Task objective >>
The task for the listing below is to write out exactly the lines starting at the one containing "vergrößern | |" and ending at the one containing "Il tavolino laterale", both included. Pictures are to be omitted.

[Information shown Boundary: Start]

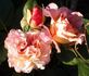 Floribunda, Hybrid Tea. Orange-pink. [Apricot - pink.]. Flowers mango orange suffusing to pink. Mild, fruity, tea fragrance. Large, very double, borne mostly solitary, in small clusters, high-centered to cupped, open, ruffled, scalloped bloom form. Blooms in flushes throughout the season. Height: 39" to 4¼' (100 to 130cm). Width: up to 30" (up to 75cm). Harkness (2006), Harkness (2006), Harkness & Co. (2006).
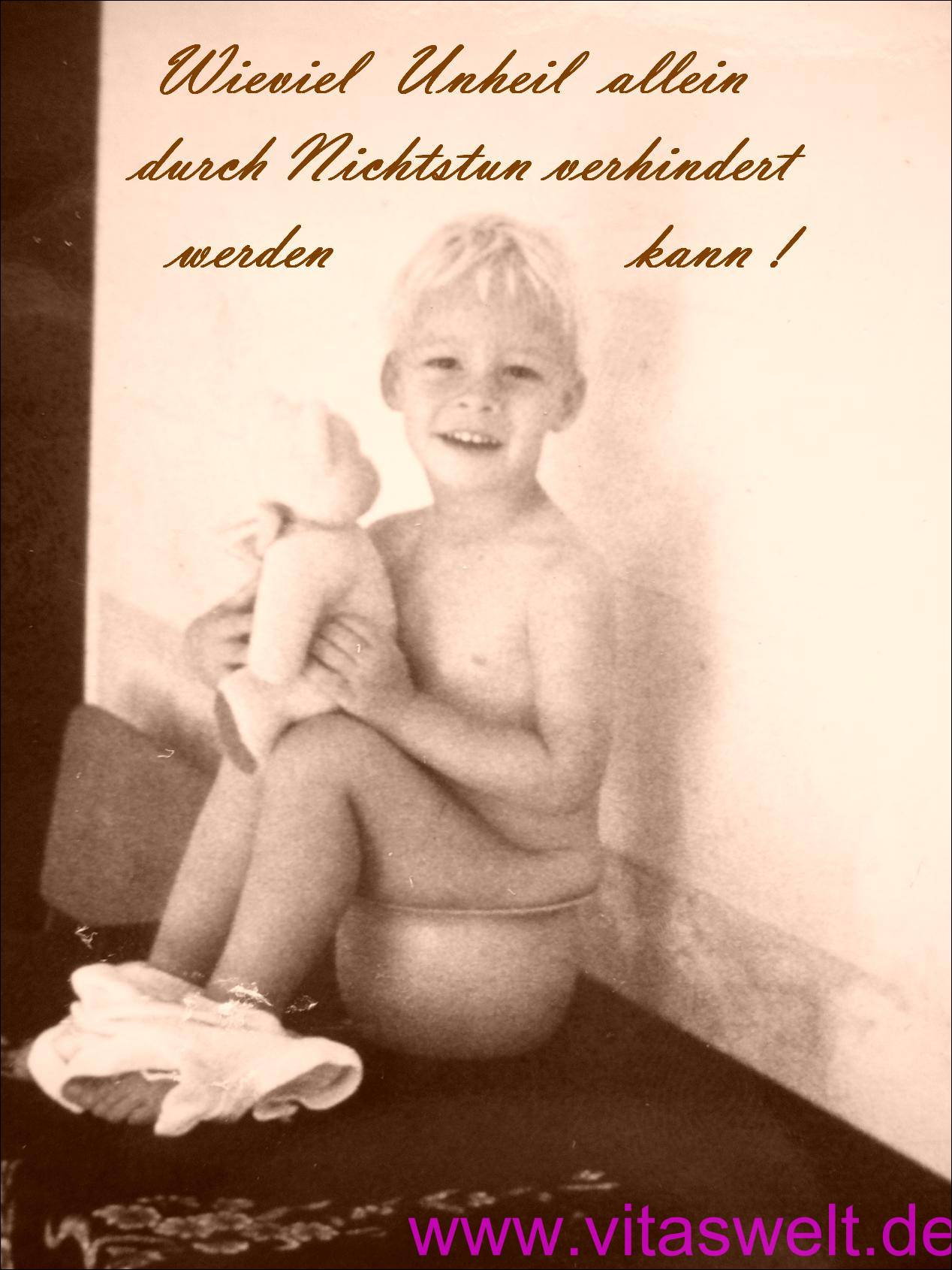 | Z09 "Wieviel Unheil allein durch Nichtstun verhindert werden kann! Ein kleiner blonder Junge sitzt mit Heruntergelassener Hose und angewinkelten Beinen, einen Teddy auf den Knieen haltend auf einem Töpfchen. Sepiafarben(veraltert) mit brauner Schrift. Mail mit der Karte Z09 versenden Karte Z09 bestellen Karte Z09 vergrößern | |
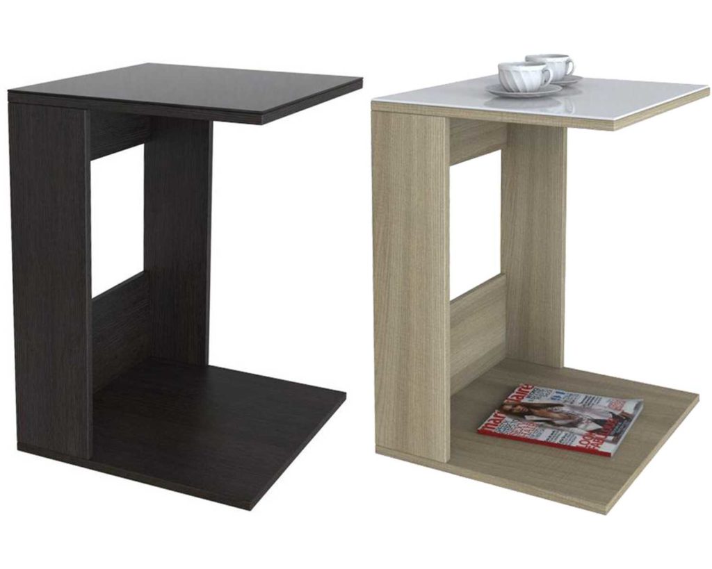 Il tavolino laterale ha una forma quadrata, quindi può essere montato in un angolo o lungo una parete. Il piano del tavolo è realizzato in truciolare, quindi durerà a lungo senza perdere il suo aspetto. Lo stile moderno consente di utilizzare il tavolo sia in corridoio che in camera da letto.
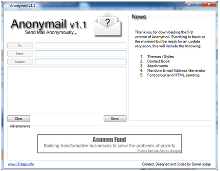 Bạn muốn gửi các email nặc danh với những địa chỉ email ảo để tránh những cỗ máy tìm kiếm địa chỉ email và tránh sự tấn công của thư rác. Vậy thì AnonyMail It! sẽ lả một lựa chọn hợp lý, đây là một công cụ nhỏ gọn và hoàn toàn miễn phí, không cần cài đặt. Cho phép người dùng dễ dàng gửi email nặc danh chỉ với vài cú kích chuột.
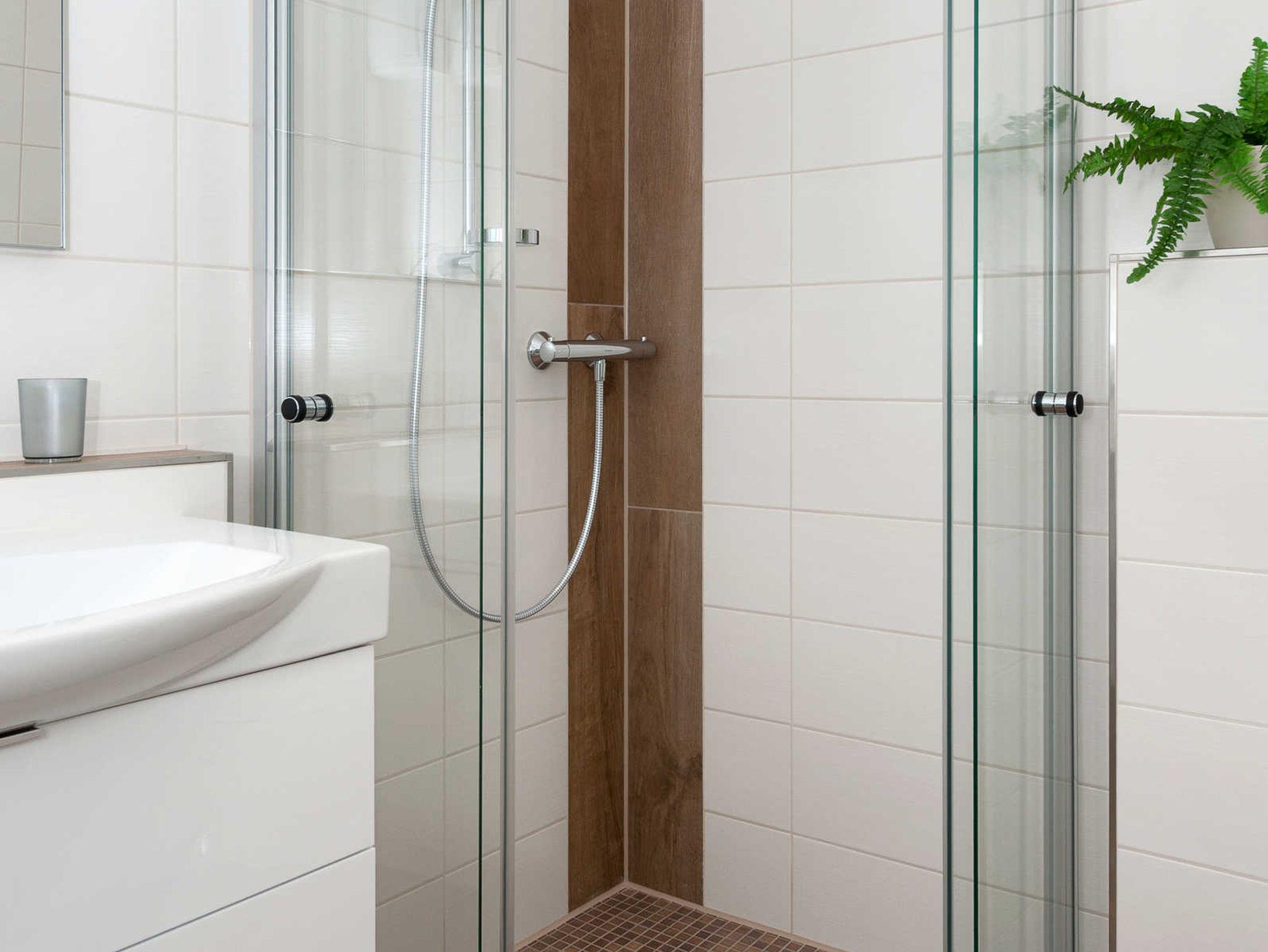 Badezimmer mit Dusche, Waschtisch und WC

[Information shown Boundary: End]
[Information shown Boundary: Start]

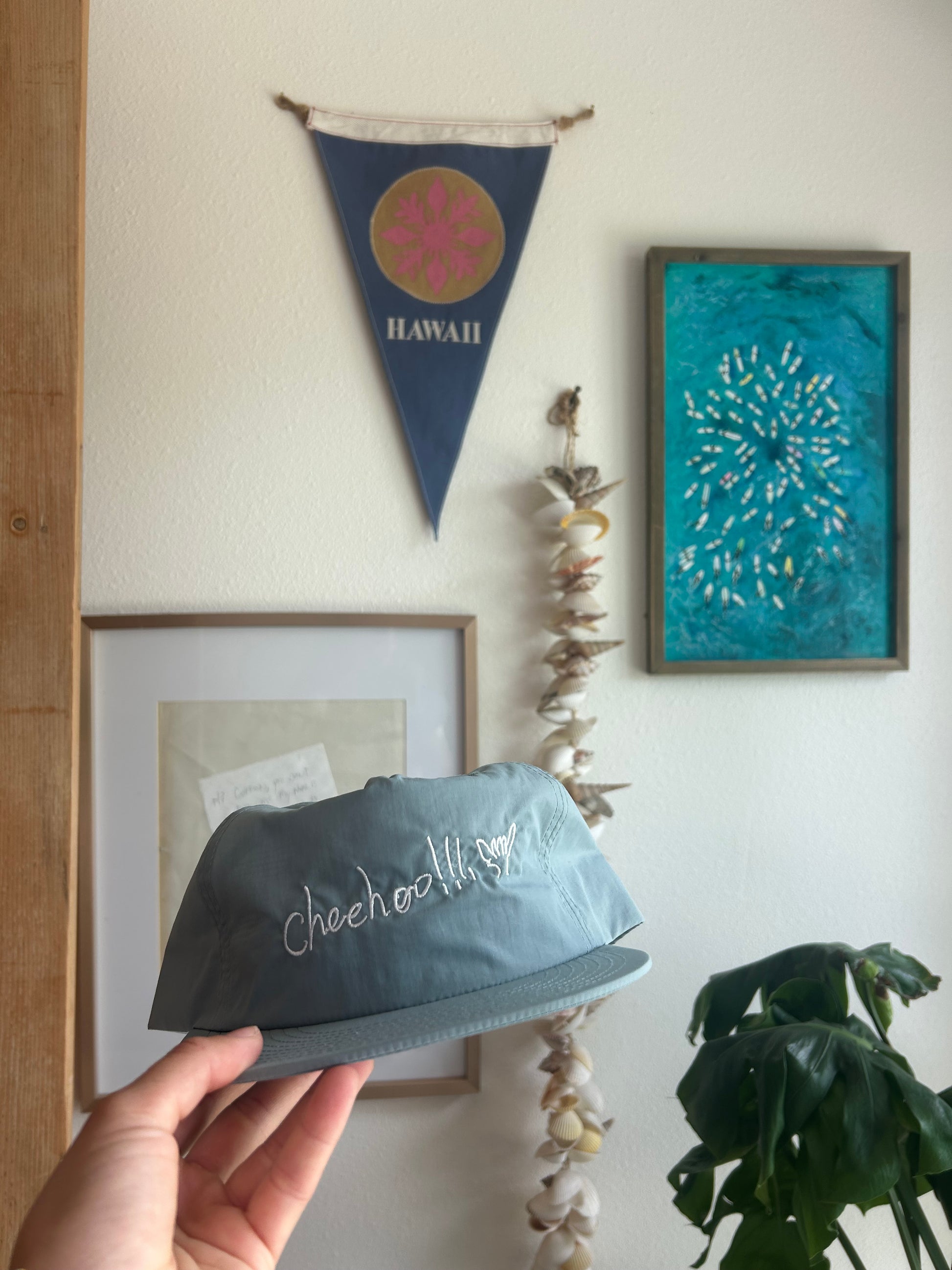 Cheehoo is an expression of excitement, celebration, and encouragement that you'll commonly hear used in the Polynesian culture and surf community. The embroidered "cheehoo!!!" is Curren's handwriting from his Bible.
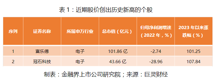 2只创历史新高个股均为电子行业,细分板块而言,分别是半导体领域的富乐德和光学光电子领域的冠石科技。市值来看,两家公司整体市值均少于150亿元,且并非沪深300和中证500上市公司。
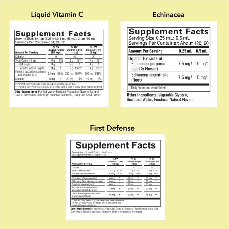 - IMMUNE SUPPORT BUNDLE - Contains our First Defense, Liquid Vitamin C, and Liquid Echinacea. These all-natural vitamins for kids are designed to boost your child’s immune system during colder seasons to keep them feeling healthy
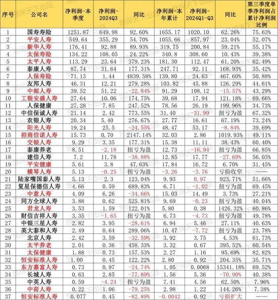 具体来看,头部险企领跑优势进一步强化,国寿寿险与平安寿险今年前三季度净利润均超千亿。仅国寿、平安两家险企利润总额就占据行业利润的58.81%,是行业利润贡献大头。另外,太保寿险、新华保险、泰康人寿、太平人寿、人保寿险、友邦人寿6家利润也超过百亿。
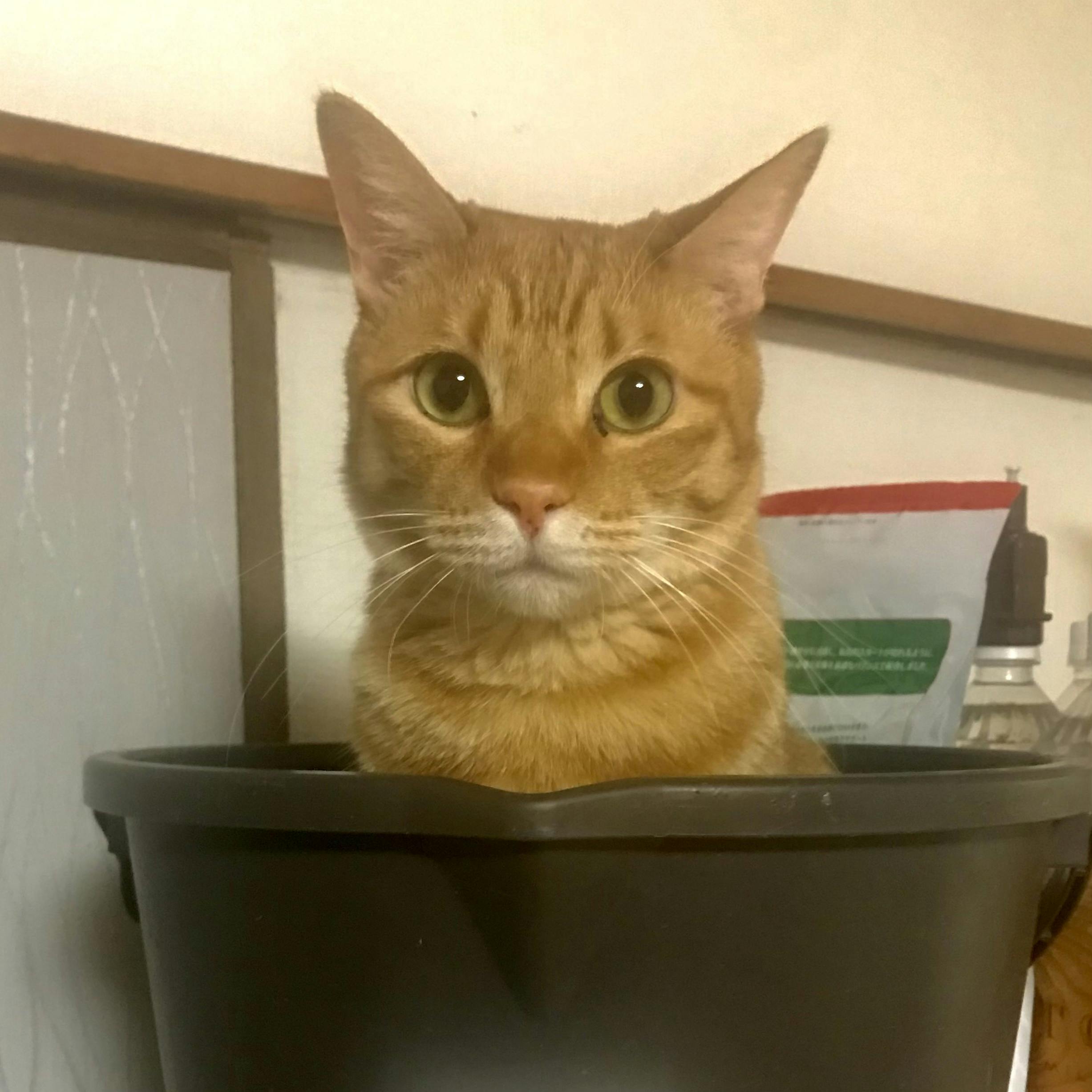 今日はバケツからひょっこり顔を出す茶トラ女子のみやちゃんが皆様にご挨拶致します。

[Information shown Boundary: End]

Exercise answer >>
 | Z09 "Wieviel Unheil allein durch Nichtstun verhindert werden kann! Ein kleiner blonder Junge sitzt mit Heruntergelassener Hose und angewinkelten Beinen, einen Teddy auf den Knieen haltend auf einem Töpfchen. Sepiafarben(veraltert) mit brauner Schrift. Mail mit der Karte Z09 versenden Karte Z09 bestellen Karte Z09 vergrößern | |
 Il tavolino laterale ha una forma quadrata, quindi può essere montato in un angolo o lungo una parete. Il piano del tavolo è realizzato in truciolare, quindi durerà a lungo senza perdere il suo aspetto. Lo stile moderno consente di utilizzare il tavolo sia in corridoio che in camera da letto.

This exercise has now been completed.